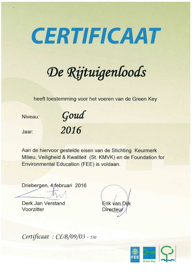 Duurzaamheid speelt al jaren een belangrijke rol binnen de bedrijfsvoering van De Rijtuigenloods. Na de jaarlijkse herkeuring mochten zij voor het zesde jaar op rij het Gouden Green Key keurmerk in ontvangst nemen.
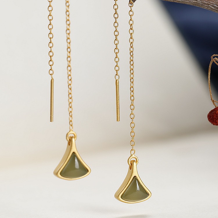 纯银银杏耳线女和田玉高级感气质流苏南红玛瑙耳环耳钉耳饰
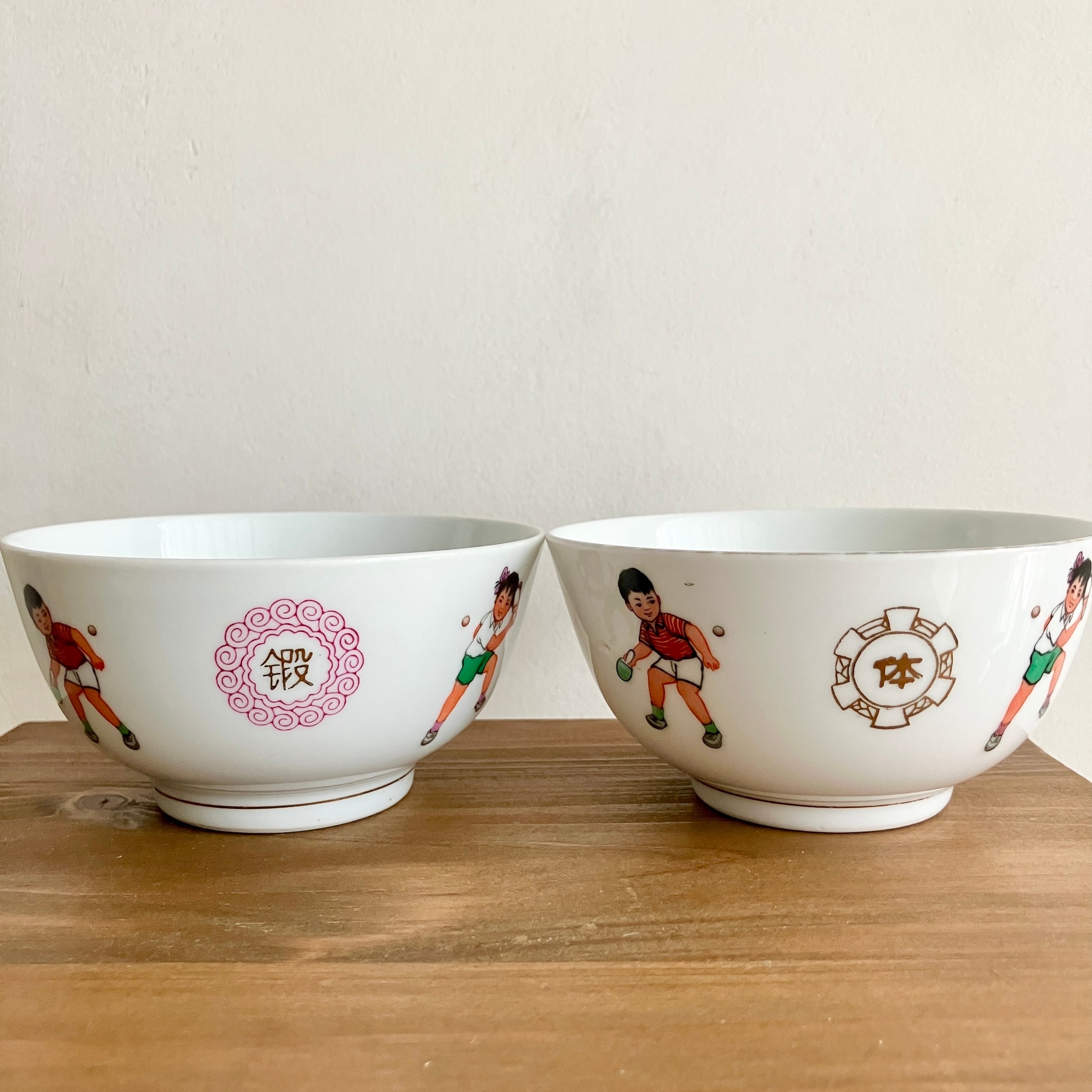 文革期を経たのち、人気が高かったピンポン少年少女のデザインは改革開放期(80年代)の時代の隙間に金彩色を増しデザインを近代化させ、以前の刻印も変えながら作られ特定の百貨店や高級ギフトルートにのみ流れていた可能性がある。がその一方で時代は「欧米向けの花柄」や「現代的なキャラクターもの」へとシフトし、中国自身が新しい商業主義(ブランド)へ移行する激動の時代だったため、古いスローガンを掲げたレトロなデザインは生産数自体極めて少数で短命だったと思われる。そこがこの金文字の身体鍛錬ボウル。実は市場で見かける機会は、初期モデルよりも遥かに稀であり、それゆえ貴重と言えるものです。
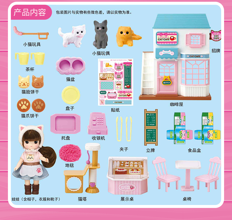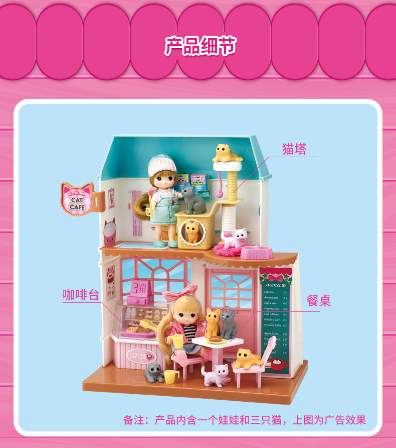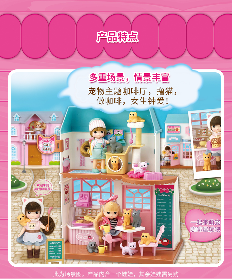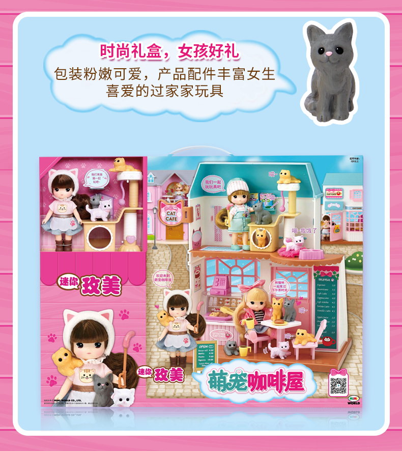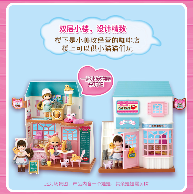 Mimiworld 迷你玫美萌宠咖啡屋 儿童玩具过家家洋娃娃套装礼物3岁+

--

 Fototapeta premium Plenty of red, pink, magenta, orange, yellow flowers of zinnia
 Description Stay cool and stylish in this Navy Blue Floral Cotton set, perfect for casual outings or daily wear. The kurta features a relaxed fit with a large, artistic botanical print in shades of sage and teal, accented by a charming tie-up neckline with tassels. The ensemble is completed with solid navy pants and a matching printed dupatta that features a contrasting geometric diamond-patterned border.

▶ [GOAL OF THE EXERCISE]: Your answer should be the lines above, word for word, from the line with "文革期を経たのち、人気が高か" through the line with "Mimiworld 迷你玫美萌宠咖啡屋 儿童玩具过家家洋娃娃套装礼物3岁+", minus the pictures.

▶ [ANSWER AREA]:
 文革期を経たのち、人気が高かったピンポン少年少女のデザインは改革開放期(80年代)の時代の隙間に金彩色を増しデザインを近代化させ、以前の刻印も変えながら作られ特定の百貨店や高級ギフトルートにのみ流れていた可能性がある。がその一方で時代は「欧米向けの花柄」や「現代的なキャラクターもの」へとシフトし、中国自身が新しい商業主義(ブランド)へ移行する激動の時代だったため、古いスローガンを掲げたレトロなデザインは生産数自体極めて少数で短命だったと思われる。そこがこの金文字の身体鍛錬ボウル。実は市場で見かける機会は、初期モデルよりも遥かに稀であり、それゆえ貴重と言えるものです。
 Mimiworld 迷你玫美萌宠咖啡屋 儿童玩具过家家洋娃娃套装礼物3岁+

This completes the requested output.